Chef Report February 17, 2017
We are cruising right along with some great snow and full cats of happy riders. Jesse the maintenance manager is keeping the roads open and is constantly grooming more terrain so our guests have new steep and deep skiing all week long.
My kitchen crew and I are putting in the time creating some new and wonderful delights such as a candied pear and spicy pecan spinach salad with a balsamic reduction and feta cheese. To go with that, I went a little old school with a broiled bison striploin steak with a Canadian whiskey and toasted black peppercorn cream sauce. Our fantastic Pastry Chef, Ute, made a lemon mousse tart for dessert that was simply melt-in-your-mouth fantastic. And for breakfast one morning we had classic smoked-salmon Eggs Benedict with homemade Hollandaise sauce, chunky potato hash-browns, and a selection of fresh fruit.

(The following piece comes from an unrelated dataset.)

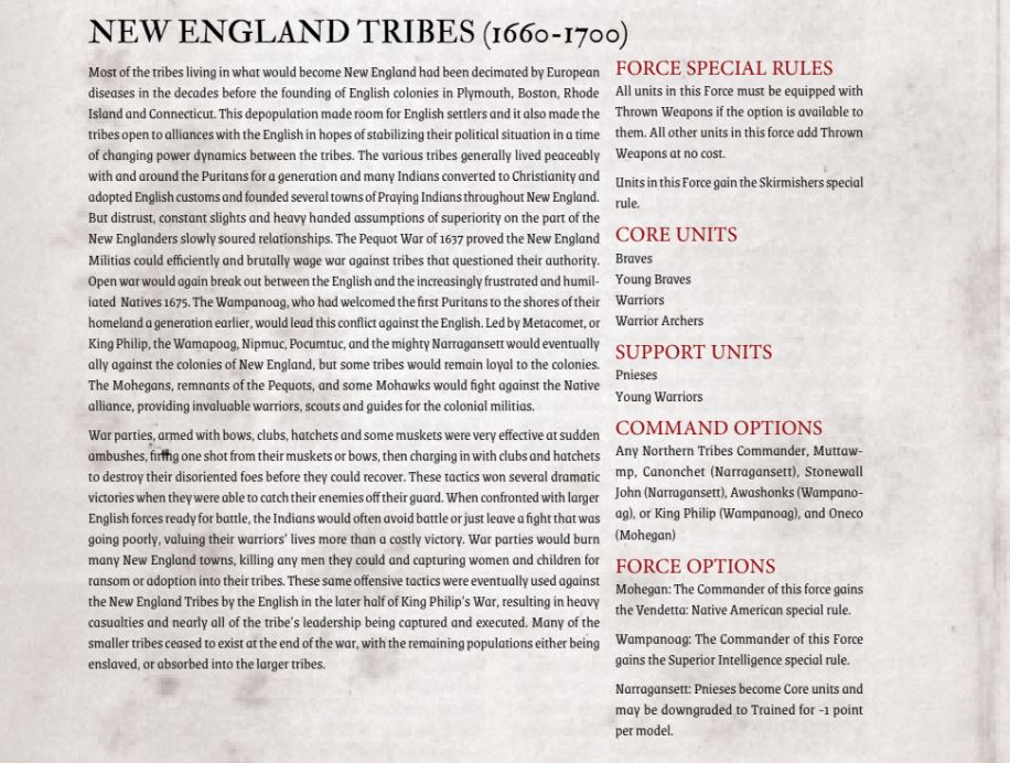 The New England Tribes Native faction features a mix of the new line of North American native models (see below) and the original line of “earlier contact” units like the Warrior Archers. With 6 possible units to build with, there’s a lot of variation possible! In addition to that variation, there are 3 force options, representing 3 of the primary powers active in the struggle: the Wampanoags, the Narragansetts and the Mohegans. Each played a very different role in this brutal war and there are small unique rules to reflect that. The Wampanoag had a long and close relationship with the New Englanders, going back to Massasoit’s assisting the Plymouth in it’s earliest days. The Narragansetts were numerous and powerful, but they lived further from the colonies. The Mohegan actually sided with the New Englanders when war broke out and were essential allies, familiar with both the Native locations, habits and tactics.

The après ski keeps getting better. We had a local cheese and a homemade pickle platter. At the centre of the charcuterie was a Camembert wheel stuffed with blue cheese wrapped in filo pastry and then baked golden brown on a puddle of blackberry jalapeño jelly. Next to this was the braised elk crostini with caramelized onion jam and wine jelly. I jumped into the baking section and produced a NY-style cheesecake topped with a dried cherry compote.
Chef Jeff made another fine salad this week – a Japanese noodle salad topped with matchstick vegetables, wasabi drizzle, and fresh cilantro sprouts. Dinner that evening was goose paella with prawn and our local Lumby-produced chorizo sausage (that has been drying in the cooler for about a month), all served with buttered fresh beets from the farm.
One of the pictures shows Jeff topping the desserts – his chocolate Kahlua mousse with some Baileys whipped cream. There are also a few photos of après ski platters that I put together with smoked salmon, spinach, capers, onion and cream cheese roll-ups, plus some crispy fried baby calamari with house-made tzatziki.